A lady researching on her laptop

4. Only make an application you know you can afford

All lenders have a legal responsibility to make sure that you can afford the loan you are applying for. This is why they look at your credit file and history as well as information from your application, including your income, to assess what you will be able to afford monthly.

To do a quick test yourself of what you can afford extra a month, consider what you spend each month on food, bills, clothing, travel, childcare etc. and see how much you have left to afford the monthly repayments. If this leaves you with little money left then the lenders are probably less likely to accept your application as they will question your affordability. 

A lady looking at what she can afford, calculator and a piggy bank

With this in mind, seriously consider what you can afford monthly before applying for a loan. This will increase your chances of getting accepted but will also reduce your need to apply for multiple loans in a short space of time, which could reduce your credit score.

You might be looking for no deposit car finance. If so, you should consider whether this is best for you. Putting down a deposit may make the finance agreement more affordable as it might reduce your monthly payments. Compare that to getting a no deposit agreement, it may be more affordable in the beginning but it might cost more in the long term.

If you are wanting a specific amount, to make it more affordable you could consider having the loan over a longer period of time. All lenders will have their own limit on what they will allow in terms of length of finance agreement, but it’s normally around 5 years.

5. Make sure you’re not financially linked to a bad borrower

If someone is financially linked to you, perhaps your ex-partner, then their bad borrowing could affect your score. They could be missing payments or taking out lots of credit in a short space of time, which has absolutely nothing to do with you, but could reflect on your credit file.

If this person is still linked to you then your credit score could also be affected. As this is something that is totally out of your control and should no longer be linked to you, then you can apply for a ‘notice of disassociation’ to show potential lenders that you are no longer connected to this person. You can do this by contacting the credit reference agencies using the details below:

Experian – You can remove a financial connection

ClearScore – You can raise a dispute

Credit Karma – Follow these instructions to remove a link on your credit report

A couple looking over their finances

As each credit reference agency works off their own data, then we would advise that you apply for a ‘notice of disassociation’ from all 3, to make sure that the bad borrower is no longer linked to your credit file anywhere.

These disputes can take some time, so if you can make sure this is sorted before you need to apply for a loan, then this would benefit you greatly.

What to do if your application is rejected?

We know it can feel rubbish being rejected for a loan, but whatever you do, don’t let it tempt you into more expensive finance options such as pay day loans.

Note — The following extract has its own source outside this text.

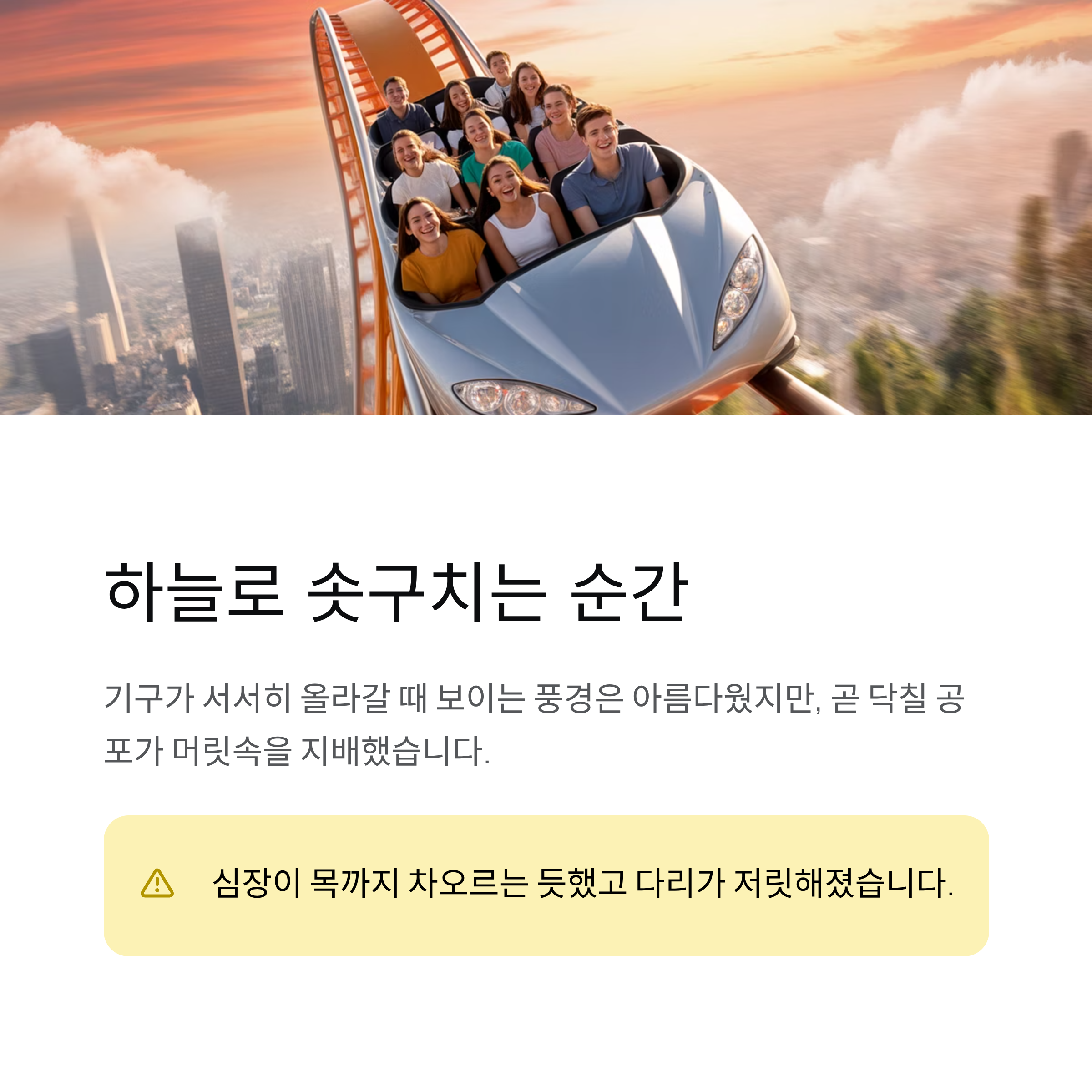 무서운 놀이기구는 눈물과 비명으로 가득했지만, 끝내고 나면 다시 타고 싶어지는 묘한 매력이 있습니다.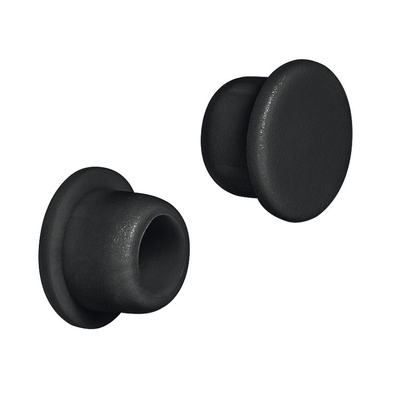 Dekkappe for hull Ø6mm. Største diameter Ø8, farge Sort RAL9011. Pris gjelder pr. 100 stk. Mer info

These will cost you a lot more in the long run, and you could end up in a sticky situation.

Instead we would say take a breather and look at the points in this article as to why you might have been rejected. We would always suggest doing this before applying for a loan, but check again as there’s always the chance that something could have been missed.

Whatever you decide to do next, don’t continuously keep applying for credit as this will affect your credit score negatively, and appear to lenders that you are desperate for the loan. If you come to the conclusion that you’ve been rejected because the lender decided it wasn’t affordable to you, or you are wanting the loan to pay off other debts, then it might be best to have a chat with a debt charity like Step Change or Money Helper.

Lady looking concerned

Check this advice before you make an application for any loan and give the credit reference agencies several months to rectify any inconsistencies or errors that you might find on your credit score before applying.